Activity:
Repeat the entries exactly, and do not carry the pictures over.

● ● ● ● ●

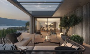 88 m² de surface habitable, lumineux salon salle à manger, cuisine fermée modernes zones humides, terrasse de haute qualité avec jacuzzi et lounge. Deux places de stationnement en option.
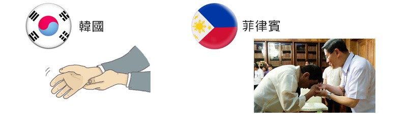 韓國 :一般伸出右手握手,左手會放在右手下方以示禮貌
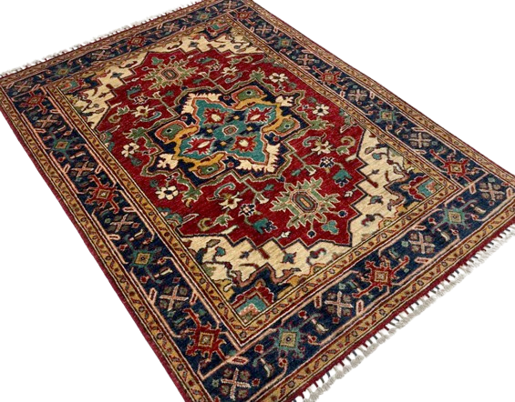 Majestic Medallion is a stunning hand-knotted Oushak Persian rug, featuring a regal red medallion, intricate motifs, and navy blue, gold, and green highlights. Crafted from premium wool for comfort and lasting beauty, it’s ideal for lounge rooms, dining spaces, and entryways. Add unmatched heritage, colour, and warmth to your home with this vibrant statement piece.
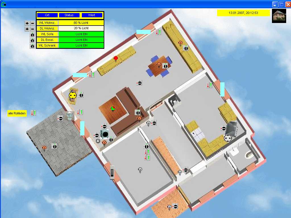 Darstellung des EG Grundrisses:diverse Leuchten/Steckdosen sind eingeschaltet. Die Symbole der Leuchten/Steckdosen sind dynamisch d.h. sie ändern ihr aussehen nach dem Schaltzustand. Die Symbole können selbst erstellt werden.
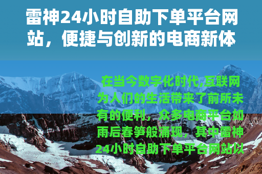 在当今数字化时代,互联网为人们的生活带来了前所未有的便利,众多电商平台如雨后春笋般涌现,其中雷神24小时自助下单平台网站以其独特的服务模式吸引了众多用户的关注。
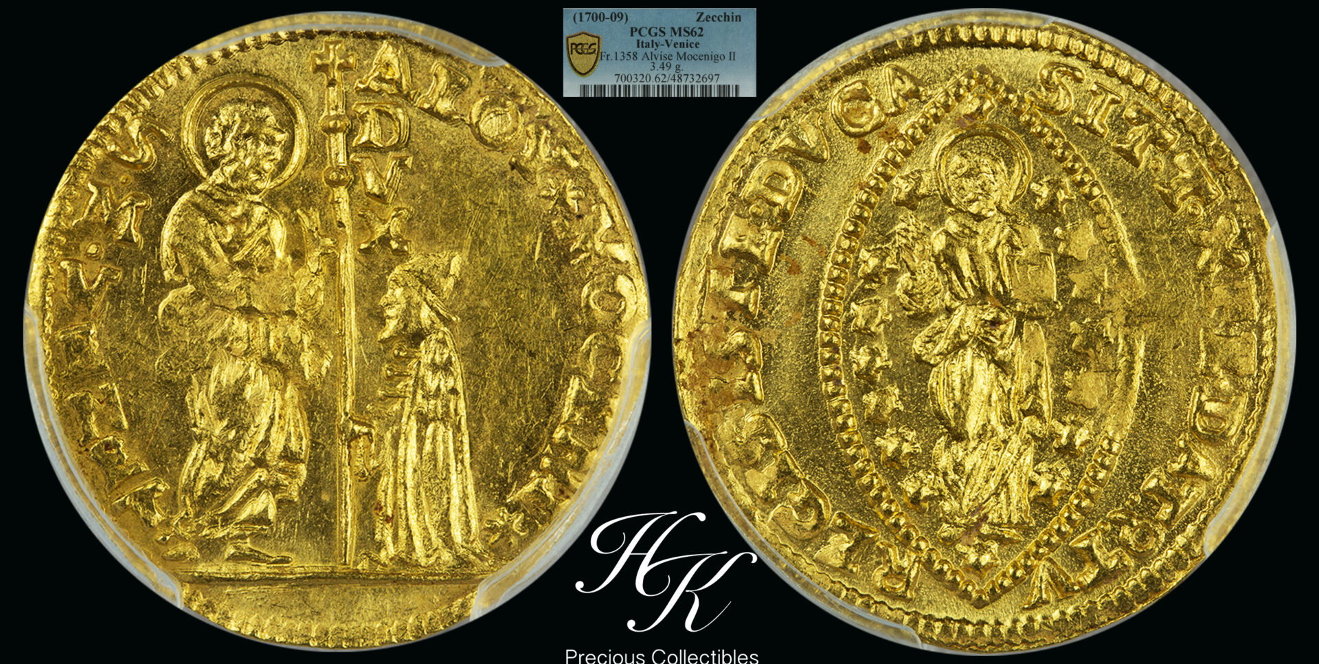 Gold zecchino 1700 – 1709 Alvise Mocenigo II PCGS ms 62 Venice Italy

● ● ● ● ●

The completed task:
 88 m² de surface habitable, lumineux salon salle à manger, cuisine fermée modernes zones humides, terrasse de haute qualité avec jacuzzi et lounge. Deux places de stationnement en option.
 韓國 :一般伸出右手握手,左手會放在右手下方以示禮貌
 Majestic Medallion is a stunning hand-knotted Oushak Persian rug, featuring a regal red medallion, intricate motifs, and navy blue, gold, and green highlights. Crafted from premium wool for comfort and lasting beauty, it’s ideal for lounge rooms, dining spaces, and entryways. Add unmatched heritage, colour, and warmth to your home with this vibrant statement piece.
 Darstellung des EG Grundrisses:diverse Leuchten/Steckdosen sind eingeschaltet. Die Symbole der Leuchten/Steckdosen sind dynamisch d.h. sie ändern ihr aussehen nach dem Schaltzustand. Die Symbole können selbst erstellt werden.
 在当今数字化时代,互联网为人们的生活带来了前所未有的便利,众多电商平台如雨后春笋般涌现,其中雷神24小时自助下单平台网站以其独特的服务模式吸引了众多用户的关注。
 Gold zecchino 1700 – 1709 Alvise Mocenigo II PCGS ms 62 Venice Italy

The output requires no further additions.